Most of these may be realized by using the SWIG wrapper generator, understanding it and its suitability for this particular purpose would be one of the project's tasks.

Eye-blink counting for wakefulness estimation

The project involves the use of a Dynamic Vision Sensor (DVS), which is developed by the Sensors group led by Prof. Dr. Tobi Delbruck. The aim of the project is the development of mathematical models and software tools for eye-blink counting, to detect levels of wakefulness of humans. A microsleep is a temporary episode of sleep that can last for a fraction of a second or up to thirty seconds where an individual fails to respond to some arbitrary sensory input and becomes unconscious. This occur when an individual loses awareness and subsequently gains awareness after a brief lapse in consciousness, or when there are sudden shifts between states of wakefulness and sleep. The project consists of collecting a database of human eye-blink data in different lighting conditions. The student must then write a filter in jAER that is capable of robustly recognizing eye-blinks. It should count, track and produce statistics of eye-blinks. The final aim is to estimate the level of wakefulness of individuals.

Gaze tracking

The more a wearable cognitive assistant knows about what’s going on in the mind of its wearer, the more it can assist. ‘Gaze’ is the term for direction of vision in space. Gaze gives many cues as to mind state, and when correlated with a forward view they can give lots of information about what the person is paying attention to. Gaze tracking today is done either using desk-mounted apparatus, or with wearable glasses for off-line analysis. Wearable always-on gaze tracking presents a challenge for the power budget of a lightweight device (such as google glass). DVS technology could help to get this power budget right down. There have been feasibility studies for gaze tracking based on the DVS, but poor lighting and calibration are challenges. The advent of DAVIS technology could really nail this problem, since images could be used for position calibration when the headset inevitably moves, and for reinitialisation of pupil position in the presence of distractors (glints, blinks etc).

 

Previous Work: http://wiki.cogain.org/images/7/7f/COGAIN-D5.5.pdf

Characterization of dynamic vision sensors

The project involves the use of a Dynamic Vision Sensor (DVS), which is developed by the Sensors group led by Prof. Dr. Tobi Delbruck. Several new dynamic vision sensor prototypes have recently been developed, but the literature of this emerging field lacks clarity about how best to characterize these novel sensors, in terms of dynamic range, contrast sensitivity, power consumption, temperature dependence etc. The aim of the project is the development of standard methods for characterization of these Dynamic Vision Sensors in at least one but ideally several of the aforementioned attributes.

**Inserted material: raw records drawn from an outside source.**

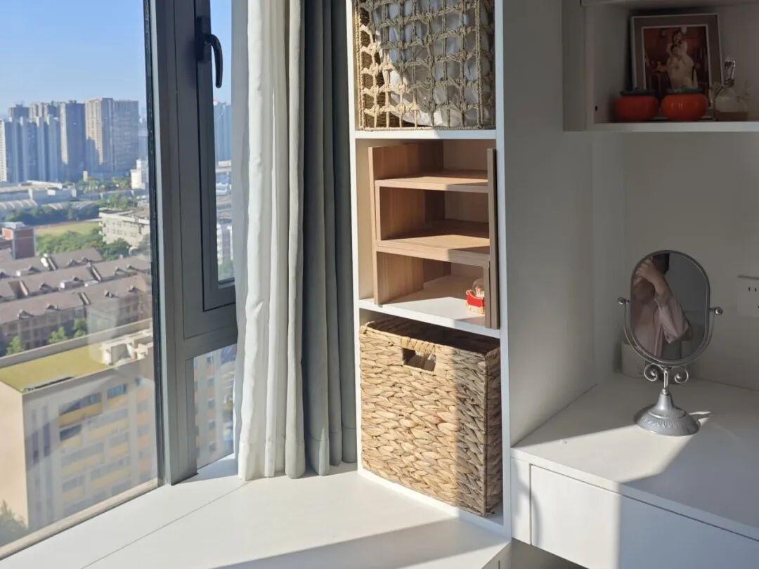 飄窗不用砸,也是簡單的改造一下,把側邊打成收納櫃,榨乾每一寸空間,把它都利用起來。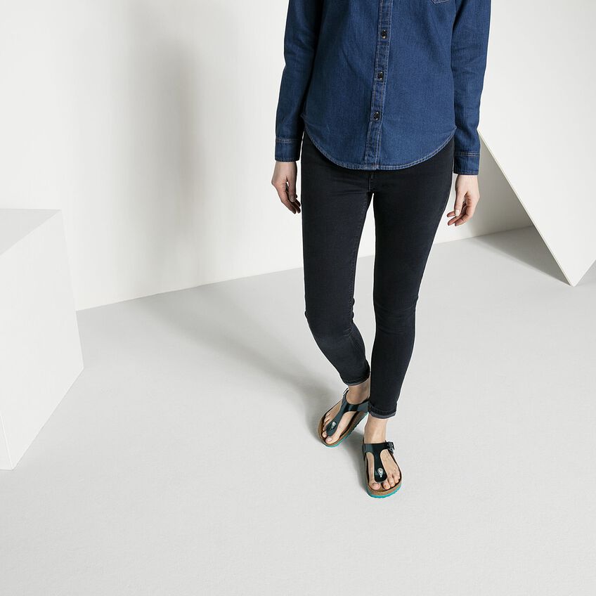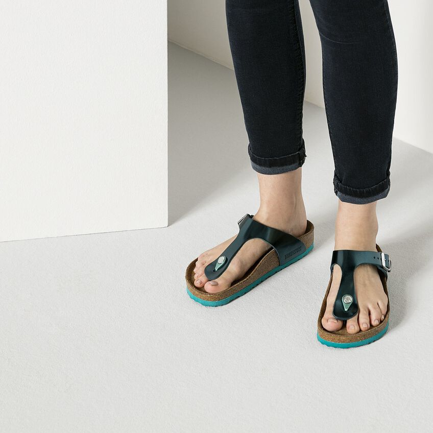 安心のホールド感とミニマリストなデザインを統合したビルケンシュトック Gizeh/ギゼは真の定番です。今回、贅沢なメタリックルックの新しいデザインで登場です。キラリと反射する素材がこの定番に新しい輝きを与え、どんな場面でも足下をきれいに演出してくれます。発泡ゴム層が追加されているソフトフットベッドが、一日中抜群の履き心地と極上のコンフォートを約束します。アッパーには柔らかいナチュラルレザーを使用しています。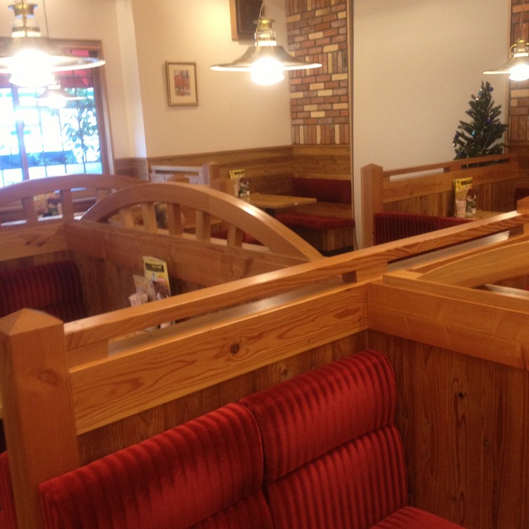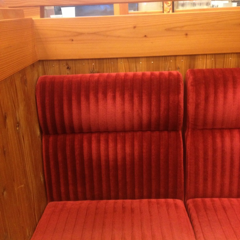 真紅のふかふかなイスがレトロな雰囲気を醸している。 席は、ブースになっているので、広々としてよい。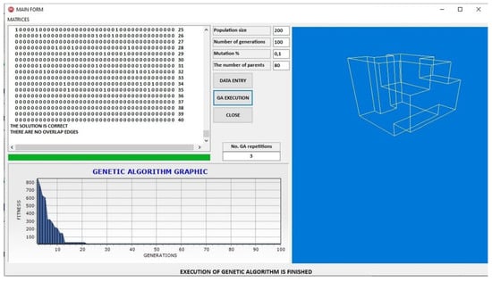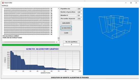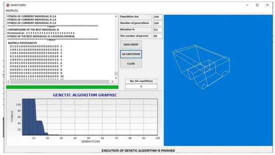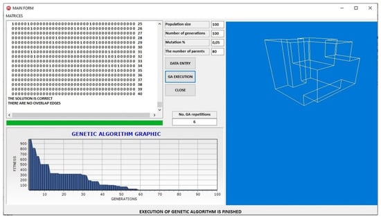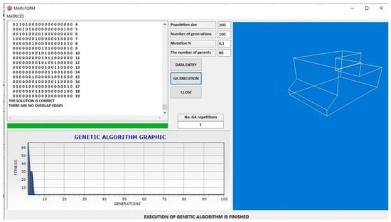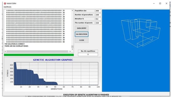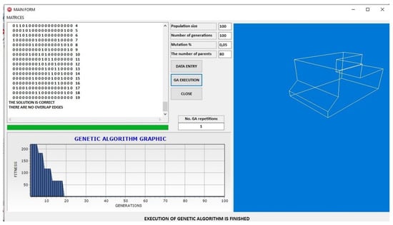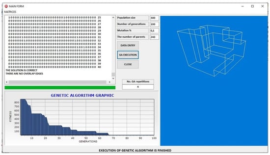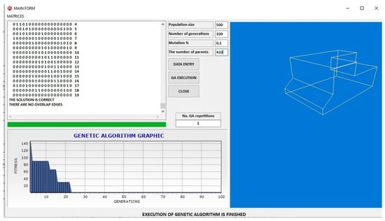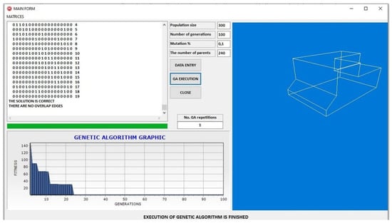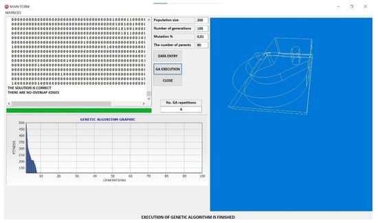 The execution time of the GA for complex parts is longer, which also depends on the amount of computation, but this is not a problem regarding the characteristics of modern computers. For example, for PR0004, the ADj matrix is 40 × 40, and intensive calculations are performed on it at all times. In this case, as well as in other more complex parts that were tested, for the number of l vertices greater than 25, solutions are always obtained where the geometric consistency is not violated and the solution does not go beyond the set of solutions represented by the pseudo-wireframe model. Also, no new surfaces are created, and there is no edge overlapping, meaning that individual candidate vertices remain in the solution because all constraints are satisfied and they do not create new shapes in the model.
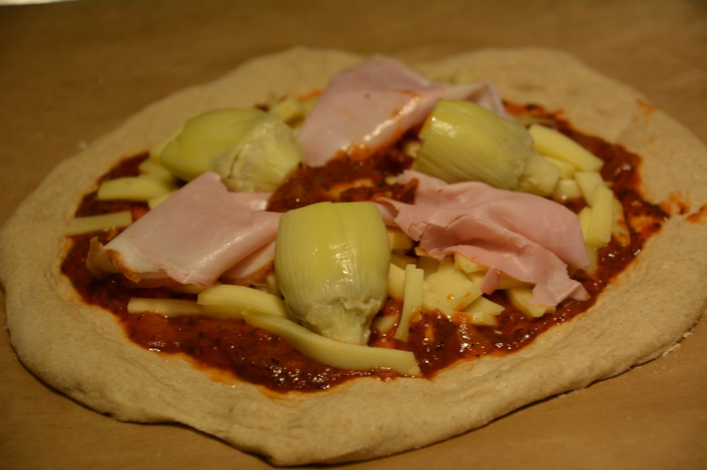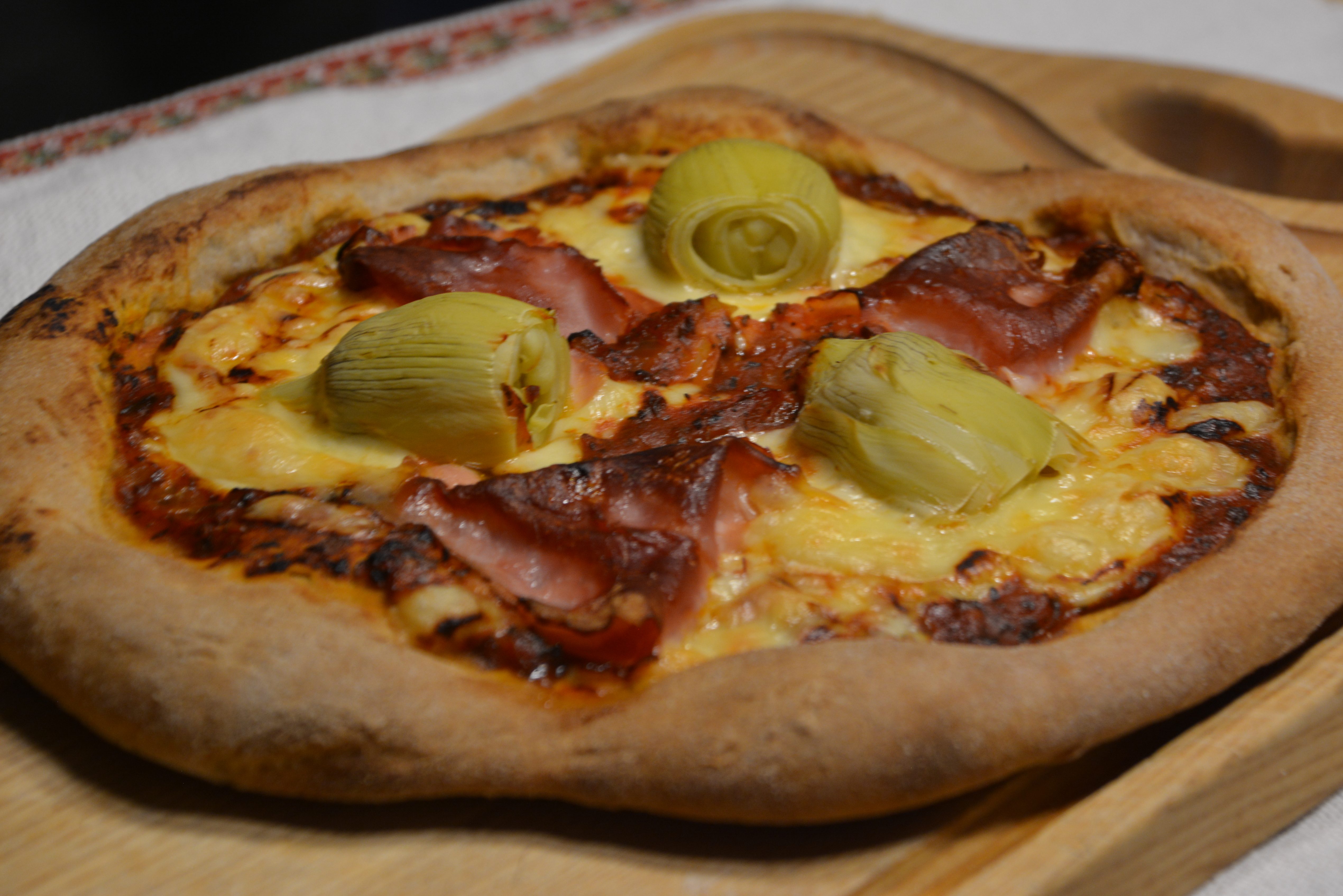 Zutaten: für 2-3 Bleche; 575 g Weizenmehl, 390 g Wasser, 12 g Salz, 0,4 g Hefe (frisch), 25 g Olivenöl; alle Zutaten zusammen kneten, den Teig 24 Stunden reifen lassen, alle 8 Stunden dehnen und falten; die Teiglinge ausrollen, ausziehen, in einem vorgeheizten Backofen auf einem Backstein oder einer gusseisernen Platte bei 250-280 Grad Ober/Unterhitze 10-15 Minuten backen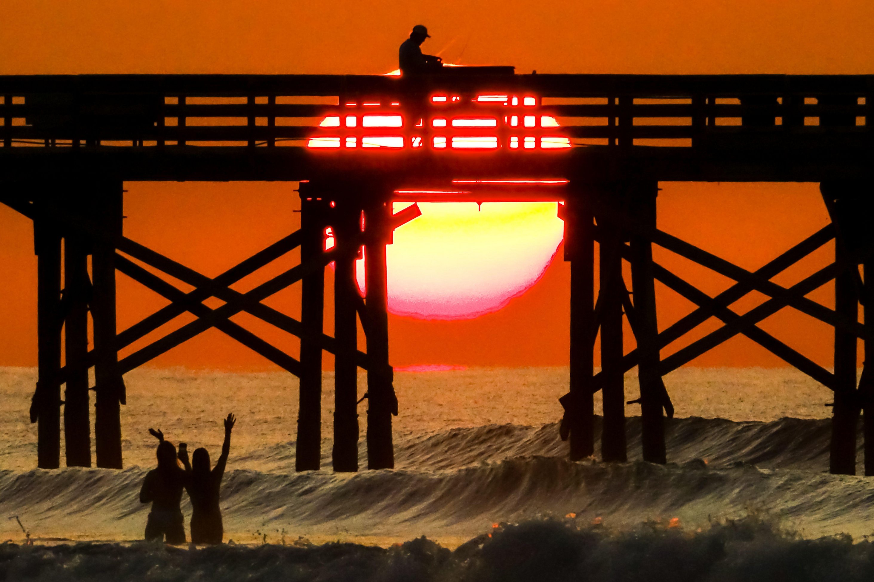 A man fishes from the Isle of Palms pier as young girls record a video silhouetted by the sunrise over the Atlantic Ocean along Front Beach, August 18, 2025 in Isle of Palms, South Carolina. High waves and potential storm serge is expected later in the week as Hurricane Erin, a category 4 storm passes off the coast. High waves and potential storm serge is expected later in the week as Hurricane Erin, a category 4 storm passes off the coast. (Photo by Richard Ellis/Alamy Live News)
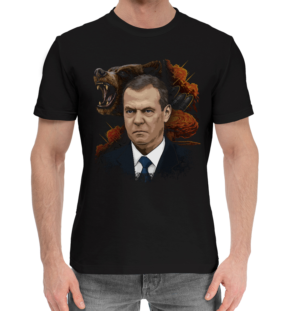 Мужская хлопковая футболка с принтом «Дмитрий Медведев с медведем»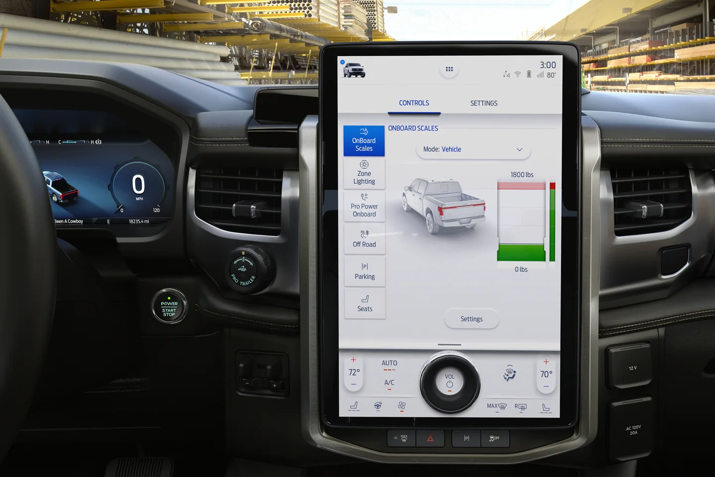 Utiliza la tecnología más nueva en el automóvil de Ford para un gran éxito. Nos gusta la gran pantalla táctil central de 15.5 pulgadas que es compatible con controles físicos, como una perilla de volumen. La integración de teléfonos inteligentes de Apple CarPlay y Android está presente y también inalámbrica (aunque aún puede conectarse a través del cable USB).El sistema de navegación a bordo de Ford es receptivo y diseñado limpiamente, pero no es demasiado minimalista como algunos sistemas de competidores. El ajuste del modelo platino, que es lo que probamos, incluye un excelente sistema de sonido Bang & Olufsen de 18 bocinas que crea un entorno de excelente sonido. Nuestro camión de prueba también tenía un conjunto integral de ayudas de conductor avanzadas, incluida la Blue Cruise de Ford, una forma más avanzada de control de crucero adaptativo, centrado de carril, advertencia de punto ciego y cámaras de 360 grados. Si bien Blue Cruise no está disponible para usar en cada carretera, el control de crucero adaptativo regular del Lightning resultó suave y constante y se mantuvo al día con el flujo de tráfico a todas las velocidades en nuestras pruebas. Y gracias a la multitud de cámaras de alta definición del Lightning, es un camión fácil de maniobrar en espacios ajustados. El equipo estándar en el platino es una gran cantidad de características relacionadas con el remolque agrupadas en el paquete de tecnología de remolque. Estas características incluyen una escala incorporada para ayudar a equilibrar el peso del remolque, la guía de inversión del remolque y un controlador de freno de remolque integrado, presenta comunes a la mayoría de los paquetes de remolque en pastillas con gas y diesel.

Spike­-based classification of event­-based visual data

The project involves the use of a Dynamic Vision Sensor (DVS), which is developed by the Sensors group led by Prof. Dr. Tobi Delbruck. The aim of the project is the software implementation of an event­-based Deep Neural Network architecture capable of achieving detection of humans.

The student will work in collaboration with IniLabs scientists and they will help in collecting a labeled database of DVS recordings. After that, the student should develop a spiking Deep Neural Network architecture for human recognition. Currently most applications of DNNs do not exploit the event-­based nature of neural networks. Here we propose a project that aims to implement DNNs efficiently, using low­-latency, low­-power, and compact cameras. Computation by means of events seems a promising approach in order to develop systems that are active on demand, are low­-power and can be readily integrated in hardware.

Depth from motion using dynamic vision sensors

The project involves the use of a Dynamic Vision Sensor (DVS), which is developed by the Sensors group led by Prof. Dr. Tobi Delbruck. The aim of the project is the development of mathematical models and software tools for depth estimation and 3D scene reconstruction from an array of Dynamic Vision Sensors.